Bizi ayırmaya çalışanlar aramıza nifak sokmaya çalışanlar bizi sevdiklerinden yapmıyor. Bizi avlamak ve yutulabilir lokma haline getirebilmek için yapıyorlar . O halde kim ki mazlumların, Müslümanların arasına hangi bahaneyle olursa olsun fitne sokma gayretindeyse mezhebi, kavmi anlamda olur, o Amerika’ya hizmet ediyor, Amerika’ya sövse bile. Amerika buna razıdır. Bana söv ki mal sürüsünün güvenini kazan ve benim çıkarlarıma hizmet ettir, benim çizgime sok. Amerika bunu ister, rahmetli İmam Humeyni buyurdu: ‘’Amerika 30 yıl kendisine sövdürür, bir gün kendisine kullanmak için.’’ Birilerinin Amerika’ya İsrail’e sövmesiyle ben ilgili değilim, ayinesi iştir kişinin, onların çıkarına hizmet ediyorsan, sövmenin anlamı yoktur.

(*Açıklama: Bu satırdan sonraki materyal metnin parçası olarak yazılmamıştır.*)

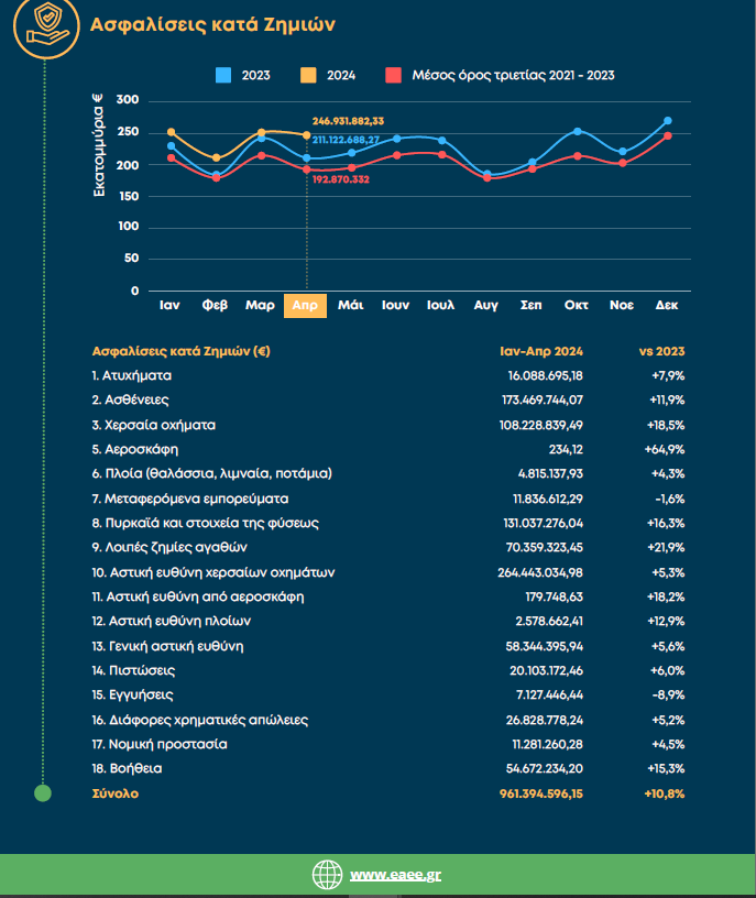 Αύξηση 15,8% κατέγραψαν οι ασφαλίσεις ζωής και 10,8% οι γενικές ασφάλειες. Στα συμβόλαια ζωής, σύμφωνα με τα στοιχεία της ΕΑΕΕ, ο κλάδος των ασφαλίσεων που είναι συνδεδεμένες με επενδύσεις έχει αύξηση 38,7%. Aύξηση 11,9% έχουμε στις ασφαλίσεις πυρός και 18,9 στα συμβόλαια για την ασφάλιση των χερσαίων οχημάτων.
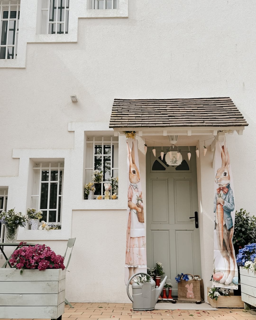Pastel doors, life-size bunny banners, and charming garden props evoke a storybook atmosphere. The layering of potted blooms, watering cans, and rustic accents creates a whimsical, heartwarming entryway. It’s a playful yet curated approach that feels personal and magical, bringing a fairytale-like charm to spring decorating.
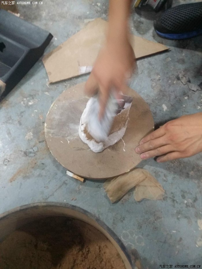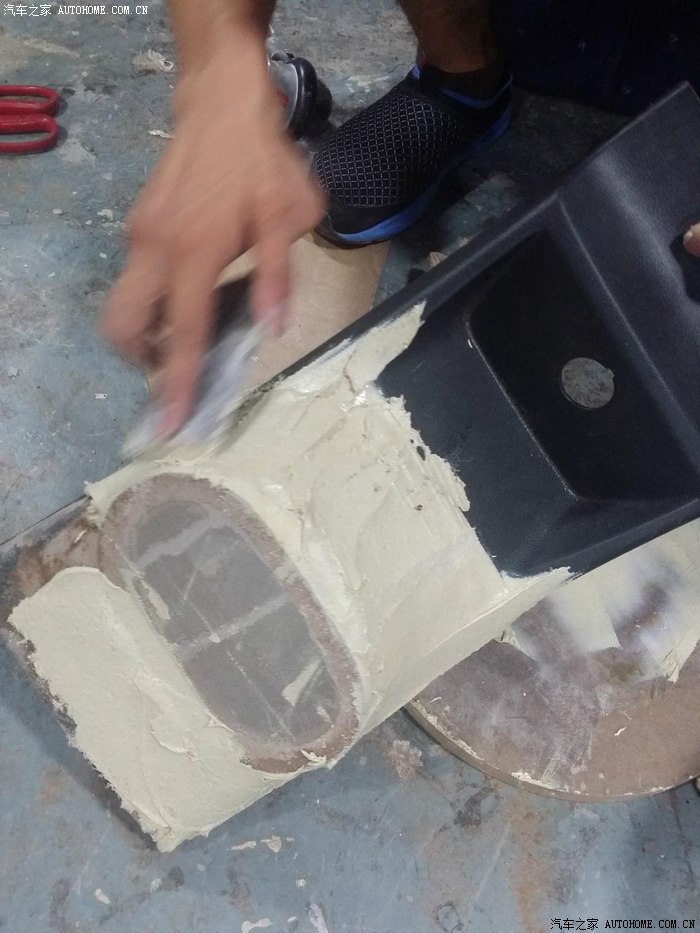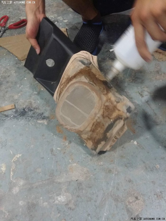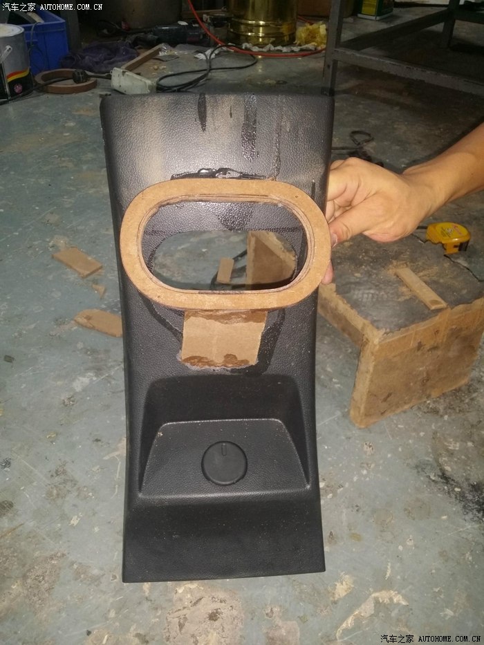 21-扶手箱拆出来用模拟走管确定管道固定隔板(这个是我在这音响改装店,他们的细致周到的成果。。这些隔板,都是经过细致量度尺寸,用机器开戒的。。之后还有减震黑色绒布粘贴。。这就是做音响的手工啊!!!)
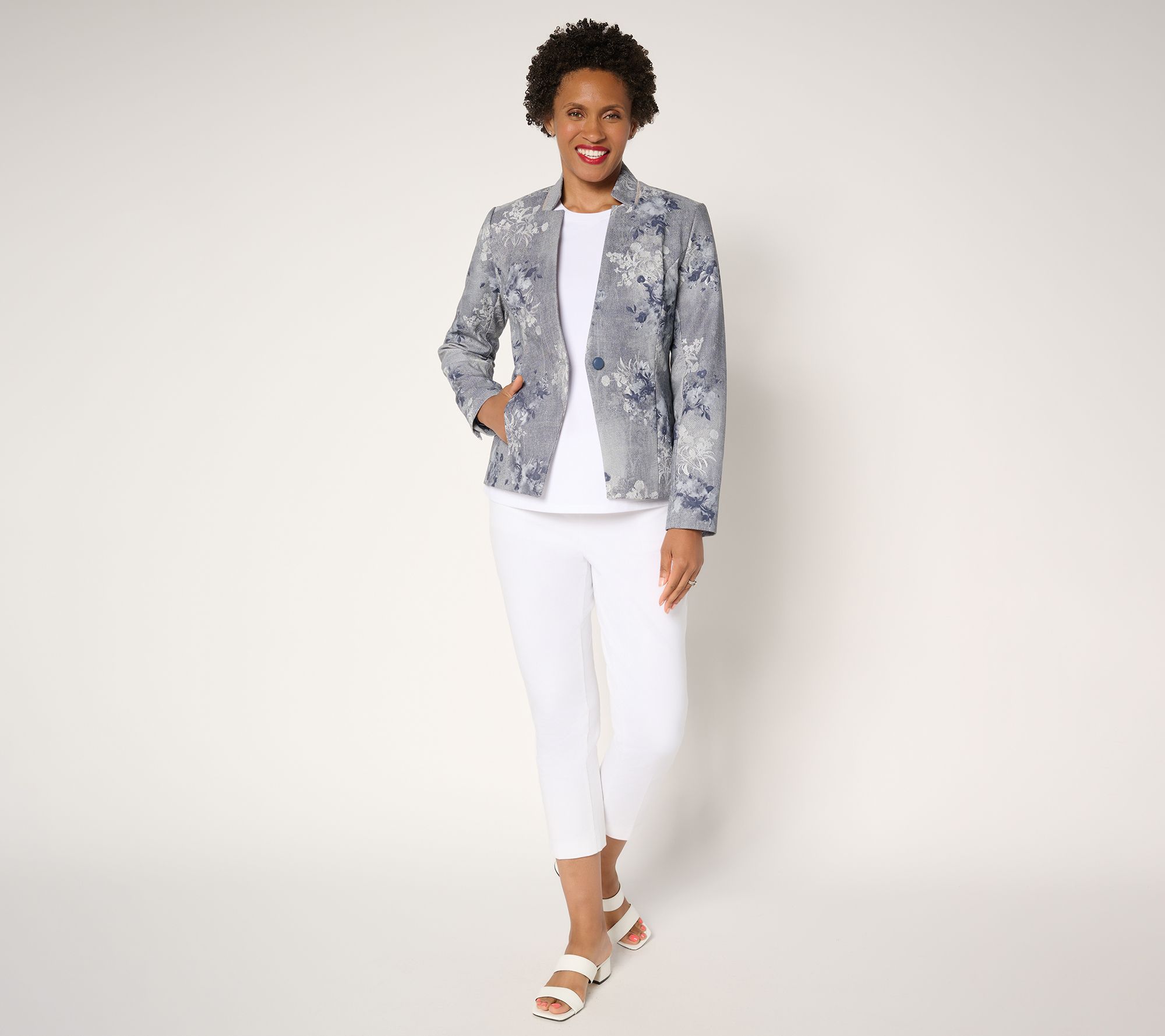 Whether you're headed to a gallery opening or brunch downtown, this faux-leather blazer adds a bold twist to any outfit. Its striking print and figure-flattering fit make it a go-to layer over dresses, trousers, or favorite jeans, while the notched lapel lends polished appeal from evening outings to daytime events. And -- surprise! -- it's machine washable. From Women with Control®.
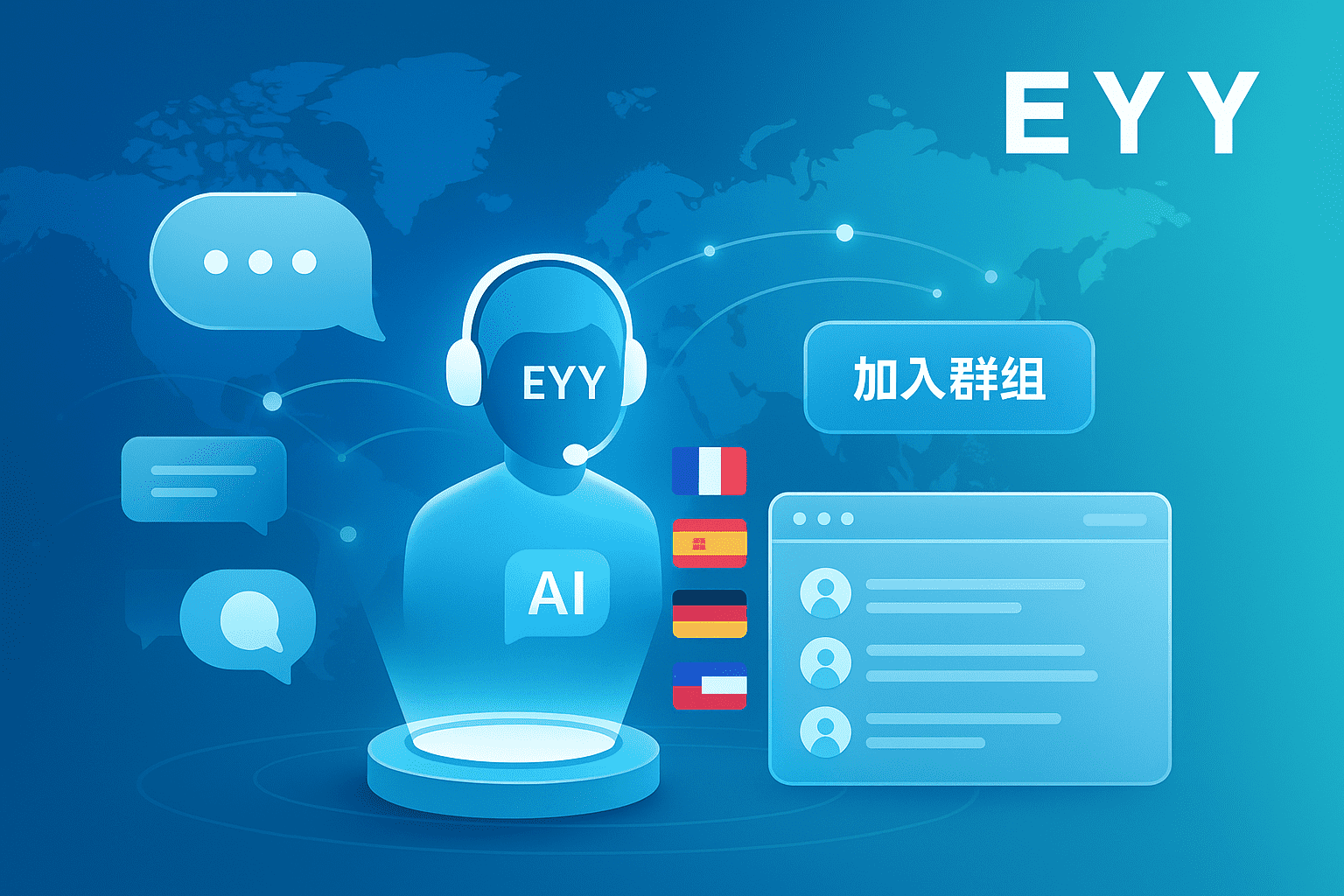 一位电商客服在未来感的科技界面中处理海量消息气泡(微信、QQ、WhatsApp、Telegram 等),使用易歪歪工具统一收件箱,提高聊天效率。

Diplomasiyi korumak için sen onu oyuna getirmek için biz dostuz de arkadaşız de ne dersen de sövme, önemli olan o değil . Amellerine bakalım onun çıkarlarına stratejisine mi hizmet ediyorsun, Müslümanların bu ülkenin çıkarlarına menfaatlerine mi hizmet ediyorsun ben buna bakarım herkes de böyle bakmalı diye düşünüyorum. Milletimin birliği, devletimin bekasının garantisi olur, dolayısıyla islam ümmeti karşısında salibi akımının karşında baraj olur set olur.
“İslam Ülkeleri Avrupa Birliği Gibi Bir Birlik Kurmalı”
Onun için bu ülke bölünmemeli, parçalanmamalı, eğer bu coğrafyada sınırlar değişecekse bunun zaruri sonucu olarak senin ülken de parçalanır. Onun için açık bir şekilde söylüyorum, eğer biz başarabilirsek birleşik devletler gibi ve Avrupa Birliği gibi biz daha çok birleşmeyi deneyebiliriz islam ülkeleri olarak.Değil ki hele emperyalistlerin çizip bölüp parçaladığı yerleri bir daha yeniden bölüp parçalayalım.Buna yönelik her çalışma Emperyalistlere hizmet Müslümanlara ihanettir.
Bunu benimle tartışabilecek ve aksini iddia edebilecek kimse var mı? Öyleyse herkese bu ölçüyle bakacağız buna göre değerlendireceğiz biz.
Suriye’de zalim mazlumdan öte yani vacibata baktık. Suriyenin bölünmemesine baktık. Çok şükür gelişmeler emperyalistlerin oyunlarının artık çok tutmadığını ortaya koydu.
Şimdi oradan kaydılar ‘B’ planı, ‘C’ planı; emperyalistlerde yok mu plan? Fitneyi her zaman kaynatacaklar. Irak’a kaydılar Şia zavallı iktidardayken de öldürülen taraf muhalefetteyken de...
“Her Dönem Ezilen Biz Olduk”
Bize gelelim biz Laikler iktidardayken eziliyorduk ama birliği bozmuyorduk. ‘Yavuz Hareket Planı’ Laikler iktidardayken vardı Şia’ya karşı yapılan o planı unuttunuz mu ?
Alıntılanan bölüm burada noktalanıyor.